Odone – A única maneira de cumprir a decisão judicial, tu ligas para o juiz e podes dizer: “Olha, o presidente do Grêmio diz que a maneira única de controlar é penalizar esse réu a comparecer todos os dias de jogos, ele querendo ou não ir aos jogos, na Brigada ou na polícia. E pede para a autoridade policial prestar contas ao juiz”. Se o cara não for lá, manda prender, bota na penitenciária.

ZH – A lei determina que os clubes coloquem, em todos os portões de acesso ao estádio, a relação dos torcedores proibidos de entrar. Por que o Grêmio ignora a lei?

Odone – Aí tu vais ter de falar com meu jurídico, eu não sei te responder se isso é viável.

ZH – É viável, é o que manda a lei. E as câmeras? O Grêmio tem um sistema de monitoramento que poderia ser usado. Por que isso não é feito?

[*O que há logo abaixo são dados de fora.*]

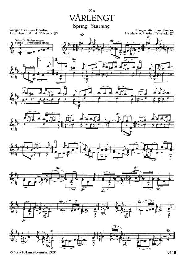 (Vårlengt) Ø. 125. Oppskr. 1918. Hovden lærde slåtten i Amerika av Lars Fykerud som hadde laga han. 93a-c er variantar. Slåttestevet sjå Cath. Elling - Norske Folkeviser VII s. 13. "Eg aktar inkje".

Odone – Todas essas câmeras estão localizadas em um centro, que é acompanhado pela Brigada Militar e está à disposição do juizado. É uma salinha onde as imagens passam ao vivo. Eles podem fazer a intervenção na hora. Agora, é impossível em um jogo com 30 mil, 40 mil pessoas ter funcionários do Grêmio olhando isso na multidão. Não tenho como.